The Richmond Register

State News

March 7, 2014

Feds deny giving OK to selenium standards

RICHMOND — When lawmakers wrestled last year with new standards for releasing selenium into streams by coal mines and industry, they were assured by state officials the proposals were based on sound science and approved by U.S. Fish and Wildlife Service officials.

But a Dec. 27, 2013, letter from Virgil Lee Andrews Jr., the Frankfort field office supervisor for USFAW, to the Region 4 office of the Environmental Protection Agency indicates the information given the legislature’s Administrative Regulation Review Subcommittee wasn’t accurate.

Sen. Ernie Harris, R-Crestwood, who co-chairs the subcommittee and voted to approve the new regulation, said the new standard might need another look in light of Andrews’ letter.

“With this new information, maybe we need to look at it again,” Harris said.

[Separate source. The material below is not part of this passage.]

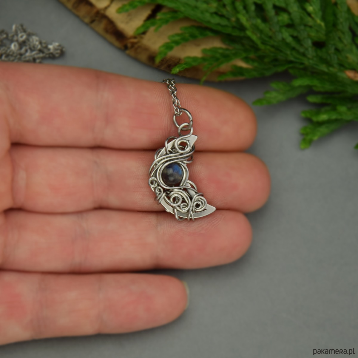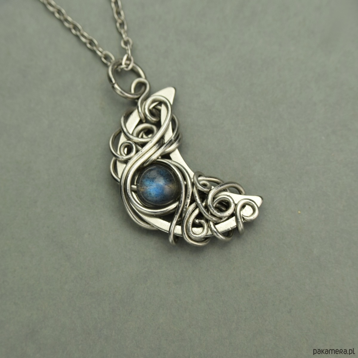 Wisiorek księżyc niebieski labradoryt wire wrapping

Selenium is a chemical found in mineral ores and in trace amounts in the cells of all animals – but it is toxic in larger amounts. It is exposed during excavation or explosions of rock and ore, including surface mining operations.

Kentucky measures selenium in waterways through both an “acute” (immediate) and a “chronic” (ongoing, cumulative) standard. Last year, the Energy and Environment Cabinet’s Division of Water proposed a new acute standard to the subcommittee.

Environmental groups claimed the higher acute standard is toxic and unenforceable and they claimed the cabinet “cherry-picked” scientific studies to produce the result it desired.

Under the new regulation, when the higher acute threshold is detected it wouldn’t automatically trigger a sanction against the alleged polluter. Instead, the state would test tissue samples from fish and fish eggs to determine if they contained toxic levels of selenium.

But Ted Withrow, a decorated former employee of the Division of Water, told the committee: “If you approve this new acute standard, there won’t be any fish in those streams to test.”

Bruce Scott, Commissioner of Environmental Protection, maintained to lawmakers that the new standard was based on solid science and federal Fish and Wildlife officials had signed off on it. The subcommittee approved the new regulation on a controversial split vote.

In his letter to the EPA, Andrews wrote that the agency stated in its determination there were discussions and agreement on the criteria between the EPA, the Kentucky Division of Water and the Fish and Wildlife Service.

“This statement is not correct and does not capture the full scope of the discussion,” Andrews wrote. “The Service explicitly requested additional review and explanations of the fate and transport of selenium in Kentucky before accepting the (proposed) criteria. Our opinion has not changed on this matter.”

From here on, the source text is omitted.